**Provided information**.
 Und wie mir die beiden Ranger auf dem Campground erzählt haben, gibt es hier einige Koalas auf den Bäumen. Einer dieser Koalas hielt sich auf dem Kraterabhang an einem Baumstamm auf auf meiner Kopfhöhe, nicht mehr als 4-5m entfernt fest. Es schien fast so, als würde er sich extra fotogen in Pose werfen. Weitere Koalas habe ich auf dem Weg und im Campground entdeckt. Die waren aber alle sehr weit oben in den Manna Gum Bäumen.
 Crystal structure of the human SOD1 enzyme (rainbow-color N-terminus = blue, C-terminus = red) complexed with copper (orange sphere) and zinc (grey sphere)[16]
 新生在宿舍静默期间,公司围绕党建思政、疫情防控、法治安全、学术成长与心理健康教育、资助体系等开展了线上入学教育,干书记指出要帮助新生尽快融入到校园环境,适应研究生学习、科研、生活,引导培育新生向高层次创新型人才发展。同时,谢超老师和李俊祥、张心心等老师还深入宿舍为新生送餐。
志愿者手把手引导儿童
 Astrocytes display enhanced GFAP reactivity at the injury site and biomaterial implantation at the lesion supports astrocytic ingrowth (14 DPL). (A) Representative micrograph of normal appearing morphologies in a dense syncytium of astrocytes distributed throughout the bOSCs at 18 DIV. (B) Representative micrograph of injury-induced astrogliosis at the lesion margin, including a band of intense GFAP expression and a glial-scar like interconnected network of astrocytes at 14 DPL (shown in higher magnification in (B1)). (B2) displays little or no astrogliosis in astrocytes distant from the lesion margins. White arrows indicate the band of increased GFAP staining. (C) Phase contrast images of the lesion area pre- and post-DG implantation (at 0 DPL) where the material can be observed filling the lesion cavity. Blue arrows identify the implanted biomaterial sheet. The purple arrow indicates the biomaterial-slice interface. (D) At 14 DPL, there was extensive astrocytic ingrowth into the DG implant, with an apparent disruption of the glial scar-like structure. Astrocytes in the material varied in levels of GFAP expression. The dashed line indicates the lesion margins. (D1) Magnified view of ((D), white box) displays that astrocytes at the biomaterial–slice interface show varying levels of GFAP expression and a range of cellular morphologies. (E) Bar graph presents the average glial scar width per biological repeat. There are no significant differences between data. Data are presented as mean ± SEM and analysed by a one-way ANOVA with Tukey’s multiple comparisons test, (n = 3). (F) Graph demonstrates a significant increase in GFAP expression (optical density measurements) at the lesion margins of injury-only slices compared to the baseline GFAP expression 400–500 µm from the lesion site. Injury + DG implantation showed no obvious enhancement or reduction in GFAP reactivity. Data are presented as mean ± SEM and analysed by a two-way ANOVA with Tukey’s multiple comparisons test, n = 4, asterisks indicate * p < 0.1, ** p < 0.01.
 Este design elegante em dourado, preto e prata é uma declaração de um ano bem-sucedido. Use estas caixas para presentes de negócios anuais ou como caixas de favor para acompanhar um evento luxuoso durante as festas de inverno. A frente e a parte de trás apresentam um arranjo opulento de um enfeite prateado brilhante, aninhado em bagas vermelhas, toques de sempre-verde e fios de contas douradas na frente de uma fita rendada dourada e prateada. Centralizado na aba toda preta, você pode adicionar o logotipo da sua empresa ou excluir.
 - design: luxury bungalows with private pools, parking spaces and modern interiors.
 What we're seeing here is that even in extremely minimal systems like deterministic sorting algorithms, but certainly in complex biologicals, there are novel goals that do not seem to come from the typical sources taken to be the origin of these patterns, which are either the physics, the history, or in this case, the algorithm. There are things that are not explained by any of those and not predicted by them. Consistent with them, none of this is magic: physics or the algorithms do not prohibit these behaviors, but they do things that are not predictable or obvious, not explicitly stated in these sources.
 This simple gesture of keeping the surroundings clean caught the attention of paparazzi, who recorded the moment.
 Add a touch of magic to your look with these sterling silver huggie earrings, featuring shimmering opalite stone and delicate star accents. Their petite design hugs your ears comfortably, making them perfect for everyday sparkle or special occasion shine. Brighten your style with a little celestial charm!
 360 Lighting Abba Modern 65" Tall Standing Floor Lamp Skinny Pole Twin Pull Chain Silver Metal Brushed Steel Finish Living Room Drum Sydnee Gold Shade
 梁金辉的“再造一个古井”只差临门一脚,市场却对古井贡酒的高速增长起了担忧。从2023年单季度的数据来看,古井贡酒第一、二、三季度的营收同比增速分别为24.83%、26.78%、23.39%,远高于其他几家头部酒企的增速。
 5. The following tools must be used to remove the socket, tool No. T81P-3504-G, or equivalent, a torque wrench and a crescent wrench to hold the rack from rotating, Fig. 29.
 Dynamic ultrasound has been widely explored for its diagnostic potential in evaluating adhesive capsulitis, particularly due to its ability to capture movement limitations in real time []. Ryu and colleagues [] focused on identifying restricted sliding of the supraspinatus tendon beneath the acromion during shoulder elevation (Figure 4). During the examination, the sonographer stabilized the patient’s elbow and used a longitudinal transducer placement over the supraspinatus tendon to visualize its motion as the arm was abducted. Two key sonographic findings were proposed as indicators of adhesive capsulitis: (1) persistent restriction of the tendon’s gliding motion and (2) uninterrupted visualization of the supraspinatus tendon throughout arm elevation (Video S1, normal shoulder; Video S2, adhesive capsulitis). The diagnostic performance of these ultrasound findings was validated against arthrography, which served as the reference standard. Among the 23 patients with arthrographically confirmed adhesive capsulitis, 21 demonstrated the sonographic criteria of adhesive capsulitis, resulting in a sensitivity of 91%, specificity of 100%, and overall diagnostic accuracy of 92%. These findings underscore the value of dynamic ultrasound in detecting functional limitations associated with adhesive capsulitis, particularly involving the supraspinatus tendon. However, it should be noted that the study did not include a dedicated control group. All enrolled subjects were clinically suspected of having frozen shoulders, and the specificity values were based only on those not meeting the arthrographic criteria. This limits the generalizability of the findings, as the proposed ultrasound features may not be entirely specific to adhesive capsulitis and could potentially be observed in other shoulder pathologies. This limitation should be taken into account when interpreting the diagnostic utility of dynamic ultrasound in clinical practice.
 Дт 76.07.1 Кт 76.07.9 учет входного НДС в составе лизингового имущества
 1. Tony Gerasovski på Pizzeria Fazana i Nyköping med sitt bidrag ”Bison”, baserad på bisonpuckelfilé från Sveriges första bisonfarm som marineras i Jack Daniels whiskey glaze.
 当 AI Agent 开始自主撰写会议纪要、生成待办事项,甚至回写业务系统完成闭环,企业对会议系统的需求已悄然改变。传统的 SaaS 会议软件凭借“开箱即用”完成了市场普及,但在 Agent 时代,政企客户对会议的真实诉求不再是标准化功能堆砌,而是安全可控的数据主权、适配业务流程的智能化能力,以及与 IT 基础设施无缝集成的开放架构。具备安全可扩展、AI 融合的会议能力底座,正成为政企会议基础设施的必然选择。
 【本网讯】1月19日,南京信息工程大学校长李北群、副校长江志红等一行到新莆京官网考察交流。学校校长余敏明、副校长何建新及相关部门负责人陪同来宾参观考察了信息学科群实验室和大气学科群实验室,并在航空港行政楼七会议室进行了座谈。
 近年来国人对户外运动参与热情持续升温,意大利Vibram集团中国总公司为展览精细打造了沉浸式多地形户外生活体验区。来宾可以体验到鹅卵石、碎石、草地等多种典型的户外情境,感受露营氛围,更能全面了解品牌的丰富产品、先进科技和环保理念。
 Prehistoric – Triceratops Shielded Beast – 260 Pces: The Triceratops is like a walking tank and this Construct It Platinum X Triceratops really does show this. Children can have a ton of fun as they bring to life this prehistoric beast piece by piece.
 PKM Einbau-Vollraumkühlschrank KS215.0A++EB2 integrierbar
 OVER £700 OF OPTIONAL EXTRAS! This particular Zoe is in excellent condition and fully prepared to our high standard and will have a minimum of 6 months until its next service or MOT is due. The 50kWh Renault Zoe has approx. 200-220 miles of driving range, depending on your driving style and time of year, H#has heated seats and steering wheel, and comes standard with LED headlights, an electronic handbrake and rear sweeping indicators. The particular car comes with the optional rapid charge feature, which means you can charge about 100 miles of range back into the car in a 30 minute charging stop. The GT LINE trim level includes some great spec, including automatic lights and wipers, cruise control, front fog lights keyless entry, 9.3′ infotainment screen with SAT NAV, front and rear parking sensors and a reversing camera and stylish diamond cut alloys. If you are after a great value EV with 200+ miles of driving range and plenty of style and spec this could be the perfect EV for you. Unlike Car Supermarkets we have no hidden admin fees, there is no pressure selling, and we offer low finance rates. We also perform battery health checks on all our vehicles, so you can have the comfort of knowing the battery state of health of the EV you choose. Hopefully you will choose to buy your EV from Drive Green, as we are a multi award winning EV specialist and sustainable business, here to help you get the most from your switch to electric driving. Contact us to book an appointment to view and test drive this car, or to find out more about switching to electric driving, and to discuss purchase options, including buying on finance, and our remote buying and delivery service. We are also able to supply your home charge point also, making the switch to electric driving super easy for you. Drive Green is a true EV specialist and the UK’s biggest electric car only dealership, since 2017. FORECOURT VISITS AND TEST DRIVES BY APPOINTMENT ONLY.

**Work order**.
Copy out every line of the listing that contains the string "them".

**Written reply**.
 What we're seeing here is that even in extremely minimal systems like deterministic sorting algorithms, but certainly in complex biologicals, there are novel goals that do not seem to come from the typical sources taken to be the origin of these patterns, which are either the physics, the history, or in this case, the algorithm. There are things that are not explained by any of those and not predicted by them. Consistent with them, none of this is magic: physics or the algorithms do not prohibit these behaviors, but they do things that are not predictable or obvious, not explicitly stated in these sources.
 Add a touch of magic to your look with these sterling silver huggie earrings, featuring shimmering opalite stone and delicate star accents. Their petite design hugs your ears comfortably, making them perfect for everyday sparkle or special occasion shine. Brighten your style with a little celestial charm!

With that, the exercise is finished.